- _REQUIREMENT_
Below are records with pictures. Transcribe exactly, and only, the lines from the line with "Dongyang wood carving" to the line with "緑団(3-3、2-5、1-2", both ends included, but not the pictures.

- _PROVIDED MATERIAL_
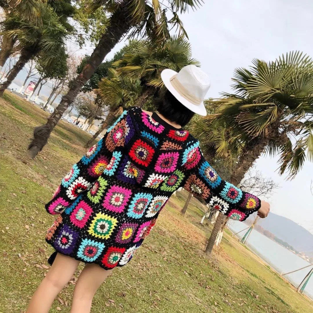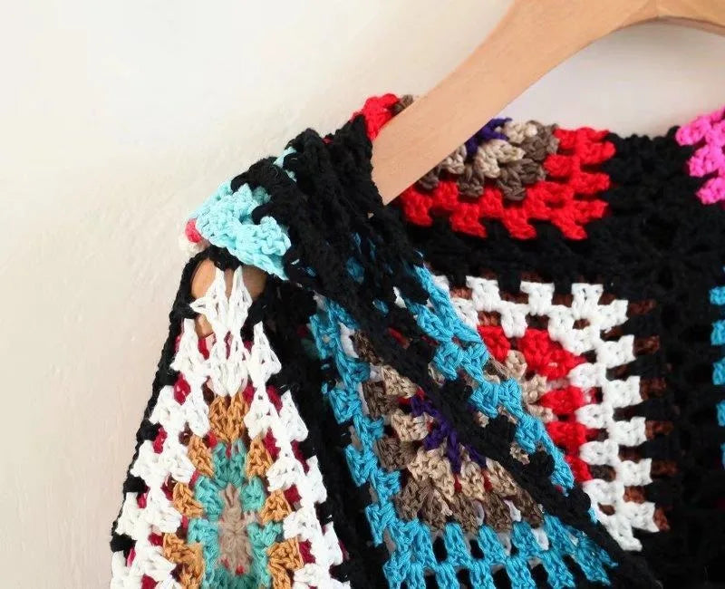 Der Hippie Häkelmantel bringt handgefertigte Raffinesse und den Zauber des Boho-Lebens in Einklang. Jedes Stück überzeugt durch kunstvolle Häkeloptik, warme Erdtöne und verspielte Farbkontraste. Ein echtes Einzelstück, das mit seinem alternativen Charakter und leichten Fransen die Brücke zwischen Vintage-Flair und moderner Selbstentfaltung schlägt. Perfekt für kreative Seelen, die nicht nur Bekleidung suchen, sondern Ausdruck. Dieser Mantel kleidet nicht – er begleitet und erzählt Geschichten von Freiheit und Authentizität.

==

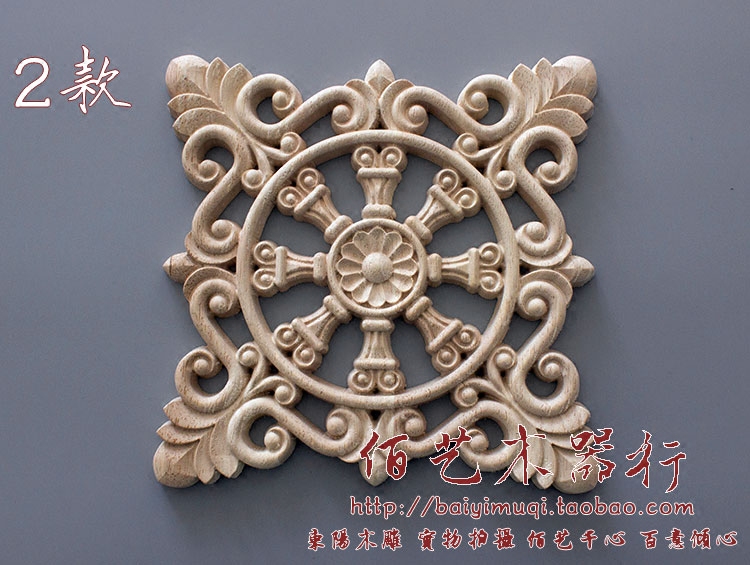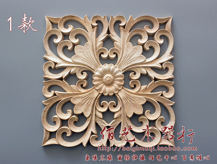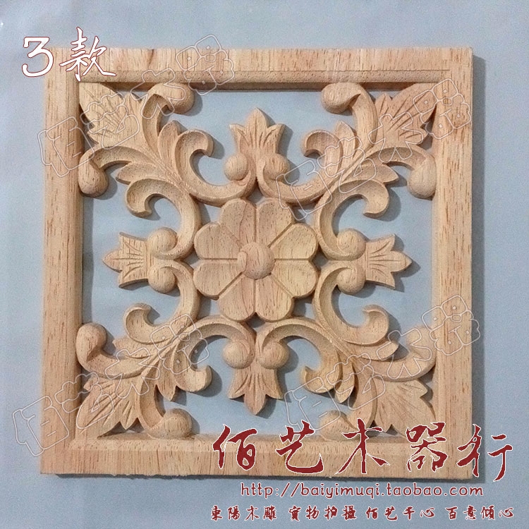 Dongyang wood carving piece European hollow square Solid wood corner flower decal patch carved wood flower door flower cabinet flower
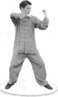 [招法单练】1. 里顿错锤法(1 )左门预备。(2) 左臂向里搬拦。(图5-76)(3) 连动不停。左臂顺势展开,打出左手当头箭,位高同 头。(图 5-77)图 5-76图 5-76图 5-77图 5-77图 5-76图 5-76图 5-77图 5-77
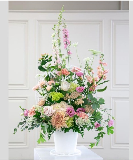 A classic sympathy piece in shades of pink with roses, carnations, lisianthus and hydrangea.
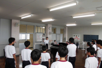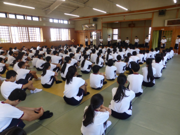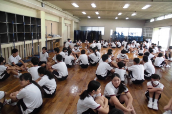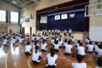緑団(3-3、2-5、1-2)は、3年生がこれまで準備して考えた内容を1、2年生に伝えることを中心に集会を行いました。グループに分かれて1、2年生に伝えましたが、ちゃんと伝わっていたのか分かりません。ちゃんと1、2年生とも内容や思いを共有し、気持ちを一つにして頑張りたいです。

- _PROBLEM SOLUTION_
 Dongyang wood carving piece European hollow square Solid wood corner flower decal patch carved wood flower door flower cabinet flower
 [招法单练】1. 里顿错锤法(1 )左门预备。(2) 左臂向里搬拦。(图5-76)(3) 连动不停。左臂顺势展开,打出左手当头箭,位高同 头。(图 5-77)图 5-76图 5-76图 5-77图 5-77图 5-76图 5-76图 5-77图 5-77
 A classic sympathy piece in shades of pink with roses, carnations, lisianthus and hydrangea.
緑団(3-3、2-5、1-2)は、3年生がこれまで準備して考えた内容を1、2年生に伝えることを中心に集会を行いました。グループに分かれて1、2年生に伝えましたが、ちゃんと伝わっていたのか分かりません。ちゃんと1、2年生とも内容や思いを共有し、気持ちを一つにして頑張りたいです。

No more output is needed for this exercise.